Thursday, 21 August 2008

Street Cries of Old Hanwell

The rag and bone men would come by occasionally. Their horse-drawn, four wheel cart, would be piled high with old bicycle frames, mangles, spin-dryers, mattresses, vacuum cleaners - any old junk beyond repair. As they progressed along Croft Gardens to the clip-clop of hooves on asphalt, they would call out to householders eager to dispose of junk. I could never work out what it was they were shouting. "RI-to" (that's an "i" as in "bit", "o" as in "cot"), it sounded to me. Certainly not "Any old rags and bones you wish to dispose of, missus?"

The institution of the rag-and-bone man (or totter) was an early bottom-up recycling initiative, not dicatated by the council but by the market. I'd guess that most parts of London would have had their 'round' served by rag-and-bone men, who'd have been doing this since Victorian times.

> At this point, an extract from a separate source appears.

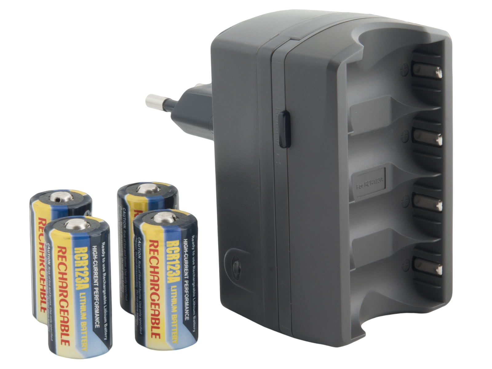 Nabíjecí souprava pro nabíjení akumulátorů typu CR123.Rozměry: 79,95 x 49,87 x 51,60mmVarování: Pouze pro nabíjení baterií, které jsou označeny jako RECHARGEABLE s napětím 3V, není určeno pro nabíjení Li-ion baterií 3,7V ani jednorázových lithiových baterií * vstup: 100-240AC, výstup: DC...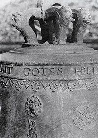 - Dzwon z około 1604 roku waży 238 kg. Jego ton muzyczny to fis’-1. Średnica dolna wynosi 74 cm, natomiast wysokość bez korony 82 cm. Sama korona mierzy 21 cm i zdobią ją na kabłąkach maszkarony. Na pozostałe zdobienia składają się: dwa półwałki na czapie, ornament z zaplecionej wstęgi z perełkowaniemwW górnej części płaszcza, zamykający inskrypcję w języku niemieckim: MIT GOTES HILF GOS MICH MICHELL DORNMAN ZV ELLBING 1694. Na płaszczu dzwonu umieszczono ponadto plakiety przedstawiające głowę lwa i wizerunkami św. Jerzego i św. Katarzyny.

The TV series Steptoe and Son, about two rag-and-bone men and set in Shepherd's Bush (just a few miles up the Uxbridge Road from us), was aired on BBC TV between 1962 and 1965, when I'd have been to young to watch. The second run (1970 to '74), in colour, was already nostalgia, as by then we'd moved to posher Cleveland Road, the rag-and-bone men and their horse-drawn carts had gone.